Столица провинции располагалась не в низине, а выстроена у подножия одного из высоких каменистых хребтов, на вершине которого и был возведён Чёрный Замок. Нам ещё только предстояло его увидеть.

Но суть была в том, что столица Каменного Предела не была такой уж радужной, как могло представляться — её окружали суровые каменные равнины. Лишь с южной стороны, под влиянием хребтов, защищавших от северных ветров, было достаточно тепло — лето там комфортнее, и даже располагаются какие-никакие поля. Соответственно, и ворот у города двое: Южные, «тёплые», и Северные, «холодные» — пейзаж за каждым из них разный, но зимы в самом городе, как говорят, суровые.

Всё это узнал, слушая разговоры людей, которым довелось или слышать о Замке, или бывать там. Например, от Ларса — парень шёл рядом понурый и молчаливый — видимо, всё ещё корил себя за то, что покинул деревню. «Я для всего этого трусоват, Кай,» — признался мне часом ранее. — «Могу содрать кожу с огромной туши, разделать её, но при виде… мёртвых… людей… мне становится дурно».

А вот Ульф, шедший возле телеги, казалось, был в восторге — здоровяк то и дело тыкал огромным пальцем в сторону и окликал меня: «Кай, Смотри! Птица! Большая!» или «Кай! Дерево кривое!». Я смотрел, одобрительно кивал и снова погружался в размышления.

К ночи идти стало почти невозможно. Как раз в тот момент, когда добрались до той самой развилки, колонна остановилась по приказу капитана. Люди, шедшие по бокам от телег, тут же со стонами облегчения опустились в грязь. Последний час пути был особенно трудным — снег подтаял, и деревянным колёсам приходилось месить вязкую жижу. Колонна иногда останавливалась, чтобы вытащить ту или иную телегу из кочки, в которой повозка увязла по ось.

Люди измотаны — шли в темноте и тихо перешёптывались, бросая полные ненависти взгляды на солдат, что неподвижно восседали на своих высоких лошадях. Чувствовали ли беженцы себя предателями, покинувшими родное место? Или, наоборот, осуждали тех, кто остался, считая, что те обрекли себя на верную смерть? Думаю, и то, и другое, и от этого людям приходилось ещё тяжелее.

Всадники, как тёмные стражи, то и дело проезжали мимо бесконечной колонны повозок — о чём-то вполголоса переговаривались, указывая копьями во тьму. В темноте трудно разобрать, что конкретно солдаты решают, да и говорили мужчины нарочито негромко.

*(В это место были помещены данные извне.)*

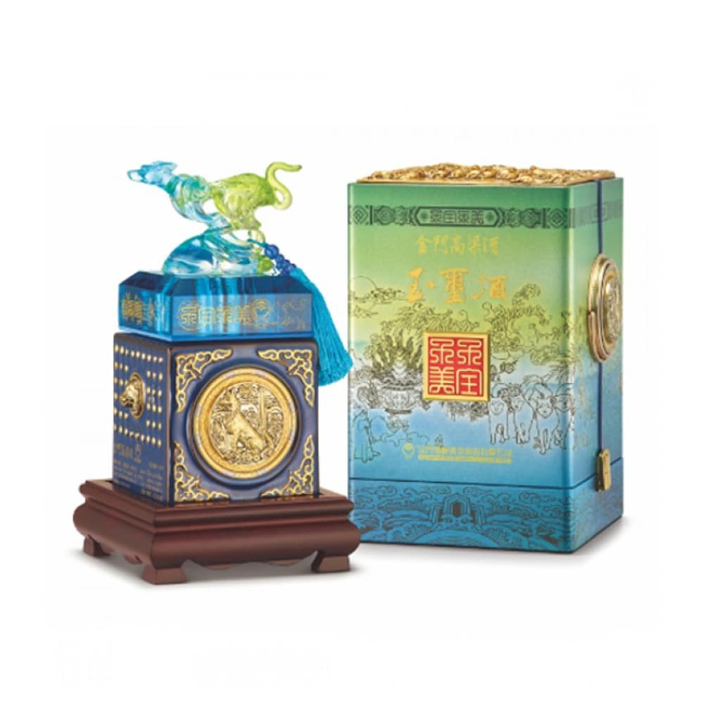 本產品乃金門酒廠2015年首度發行的系列性十二生肖玉璽酒之一,玉璽代表著一國領導者行使權利的權杖,有著至高無上的權力與無比尊貴之特質鑒此,金門酒廠特別精心結合中國十二生肖推出開運商品。犬,在十二生肖中排名第十一,是最早被人類馴養的動物,有著與人類最忠心的朋友稱號,為人們守衛家園,休戚與共,不求回報,總是守護在主人的身邊,不離不棄,最讓人朗朗上口的如:十八王公廟的義犬及日本忠犬小八等,亦有著全心全意之意。2018戊戌狗年-玉璽酒以十犬融入,意「十全十美」為整體概念,將琉璃與陶瓷相映成器推出精緻商品。

А я с удивлением понял, что за все пять или шесть часов пути даже не вспомнил о возможном нападении падальщиков — так увлечён новыми мыслями и ощущениями, что появилось ложное чувство безопасности. Будто раз удаляемся от гор, то и вероятность нападения становится ниже.

— СТОЯНКА! — скомандовал один из солдат, спрыгивая с лошади. Зажёг от кремня факел и начал обходить уставшие упряжки.

Люди, до этого шедшие в апатии, тут же оживились, начали озираться по сторонам, задавать вопросы.

— Здесь что ль? Прямо на дороге⁈

— А сколько стоять-то будем? Всю ночь⁈

— А если твари нападут⁈ Вдруг их тут тыща! Вы ж не справитесь! — почти срываясь на крик, заголосила какая-то женщина.

— Приказ капитана — стоянка! — отрезал солдат, и свет факела выхватил раздражённое лицо. — Огонь не разжигать! Спать в повозках или на земле, рядом с телегами. И тихо!

Мужик прошёл мимо меня — почувствовал идущий от воина запах пота, кожи и нервного напряжения. Солдат скрылся в конце колонны, и лишь огонёк факела ещё некоторое время плясал во тьме, пока не погас.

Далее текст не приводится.